Against a backdrop of weak consumer confidence and a well-flagged low point in the console gaming cycle, GMD has delivered a solid H1 trading performance. GTV reduced by 1.4%, with growth in content and accessories offset by an ongoing managed decline in preowned games and a reduction in hardware and events revenue. However, both like-for-like GTV and the group gross margin remained broadly flat and this, combined with further material operating cost savings, helped to deliver EBITDA growth of 21.7% to £25.8m.
Higher profits and tight working capital management also helped to drive an £11.9m year-on-year increase in net cash to £94.1m. The H1 net cash balance compares with £56.8m at the end of FY18, reflecting the significant and typical weighting of revenue and positive EBITDA to H1 (which includes the peak Christmas trading period). The group has access to combined UK and Spanish facilities of £110m.

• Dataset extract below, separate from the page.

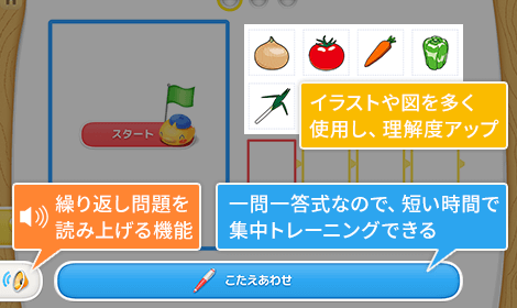 お子様の学習状況に合わせて、その都度カリキュラムを自動的に組み立てます。 -

Notably, the roll out of BELONG, designed to position GMD as market leader in local and national e-sports, has been slower than anticipated. Compared with expectations for 20 new arenas in FY19, only two were opened in the first half. The retail property market, opportunities to gain significantly improved property deals and the need to work in collaboration with Sports Direct will shift the pipeline of openings into subsequent years.
Whilst the roll-out of BELONG remains a key strategic objective for management, a near-term delay is likely, combined with management’s cautious outlook for the balance of the year due to ongoing economic uncertainties and market headwinds, to put some near-term pressure on earnings.